Делагарди махнул рукой:
– Пусть идут.
Он развернул коня и тронулся в сторону корпуса.
– Постойте, граф, – остановил его офицер.
Делагарди остановился и непонимающе посмотрел на своего офицера.
– Что там?
Офицер, прищурившись на холодном солнце, негромко буркнул:
– Там среди осужденных видел двоих мужиков. Не холопы. Одежа хорошая на них, а руки в цепях.
– Мне какая печаль, – безразлично спросил Делагарди.
– А то, что больно мужики эти здоровые. Косая сажень. Пятерых наших мушкетеров сгребут, сомнут да в землю втопчут.
Делагарди недоверчиво посмотрел в сторону обоза.
– Очень здоров русса, – похвалил офицер. – Давай выкупим. Будут ядра таскать. Пушки на позицию выставлять. Пригодятся.

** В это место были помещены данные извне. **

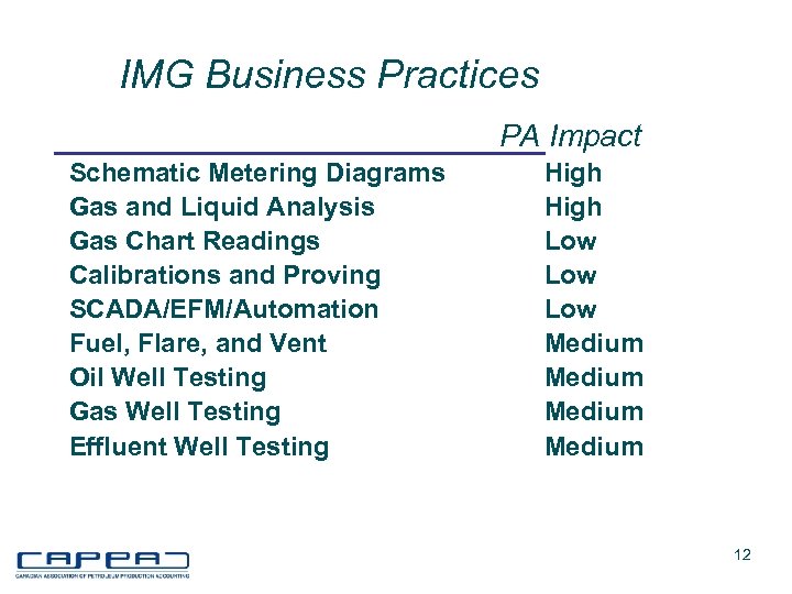 IMG Business Practices PA Impact Schematic Metering Diagrams Gas and Liquid Analysis Gas Chart Readings Calibrations and Proving SCADA/EFM/Automation Fuel, Flare, and Vent Oil Well Testing Gas Well Testing Effluent Well Testing High Low Low Medium 12
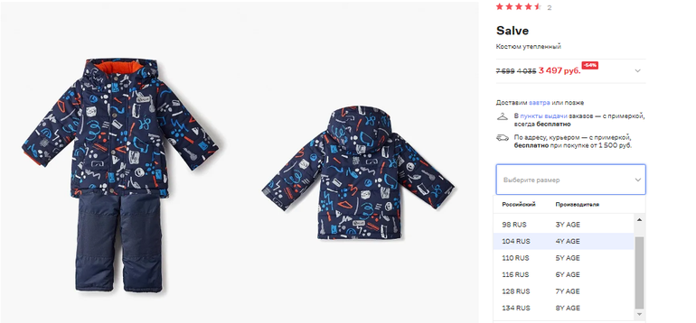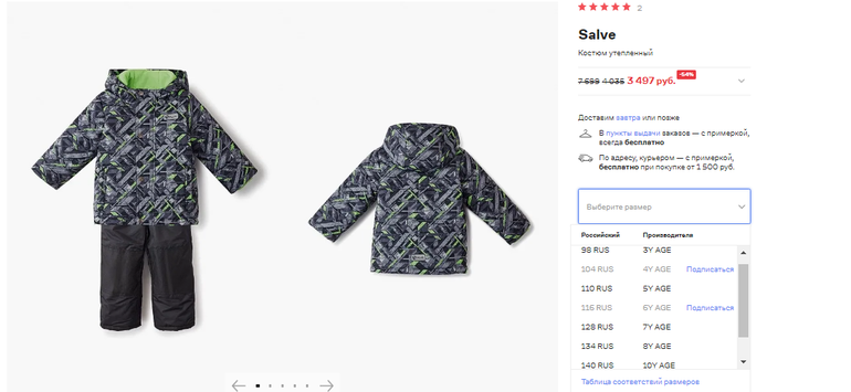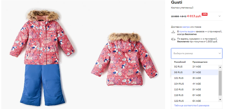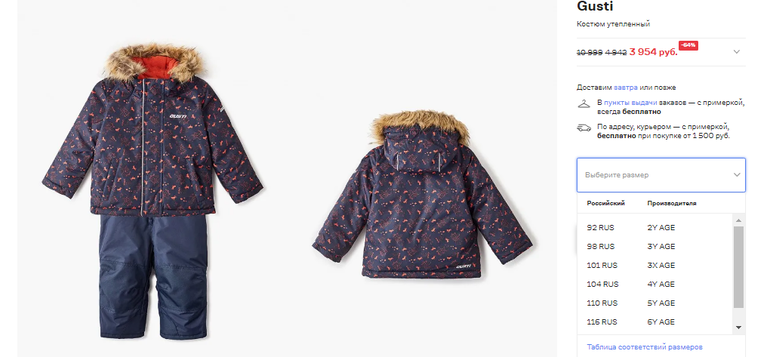 Я на мальчика взяла, 104 рост. Куртку будем носить сейчас, а штаны только на следующий год. У них штаны большемерят. Или наоборот: штаны в размер, а куртка чуть маломерит))). Мы год назад (в ноябре 2018) покупали также раздельный комплект Густи в Мазекее (с мишками), 98 рост, ребенку было 2 года, так штаны были велики даже с подворотами (у них пристегиваются подвороты), носить малышу было неудобно. А куртку сразу носили вместе со штанами Керри 92 рост. В этом году штаны от прошлогоднего комплекта сидят идеально (на рост 96 см). А куртка становится уже заметно мала, тесновата слегка, хотя до конца зимы в принципе доносить можно, но я не люблю, когда в теплом зимнем комплекте куртка в облипку. Многие дети так носят, но мне не нравится, хочется чуть посвободнее.

Делагарди задумался. На кой черт ему эти два русских сдались? Однако наемники его немецкие совсем худы здоровьем. Иной московит в рукопашном бою с одного удара в землю вгонит. Все отрепье худое с Европы собрали да оружие вручили.
– А ну, пойдем посмотрим твоих московитов! – предложил командующий. – Может, и вправду стоят того.
Делагарди стоял у обоза. Его конь переминался с ноги на ногу. Косьма и Трофим сидели, повернувшись к нему спиной, и о чем-то тихо разговаривали. К Делагарди подбежал один из стрельцов и, сорвав с головы шапку, услужливо спросил:
– Чего изволите, ваше благородие?
Делагарди ткнул плеткой в сторону братьев:
– Приведи мне, дружок, вон тех двух московитов с телеги.
Стрелец скривился:
– Зачем тебе эти каторжники, воевода? Сам Скопин-Шуйский их арестовал, а бояре новгородские осудили. Сгниют в шахтах соляных.
Делагарди поморщился. Стрелец дерзок. Просьбу его выполнять не спешит.
– Приведи, говорю! – резко повторил командующий. – С воеводой Шуйским я сам договорюсь. Одному царю служим.
Делагарди достал из камзола свиток с печатью Шуйского и новгородского воеводы. Увидев орленый герб на печати, стрелец кивнул и бросился к телеге.
– Поднимайтесь, ироды! – толкал он в спину братьев Нечаевых. – Сам воевода шведский на вас посмотреть хочет.
– Чего ему на нас смотреть? – огрызался Косьма. – Чай не девки красные.
– Воеводе видней! – бурчал недовольно стрелец.
Нечаевы, гремя цепями на руках и ногах, приблизились к Делагарди.
– Ну, что я говорил, – довольно подтвердил офицер. – Рыцари.
– Не рыцари, а холопы! – злобно буркнул стрелец.
– За что их в цепи? – поинтересовался швед.
Стрелец утер сопли рукавом.
– Так били всех братья. Всю слободу били. Никого не жаловали. Ни боярина, ни купца. Вот воевода и охолонил их. – Стрелец замолчал.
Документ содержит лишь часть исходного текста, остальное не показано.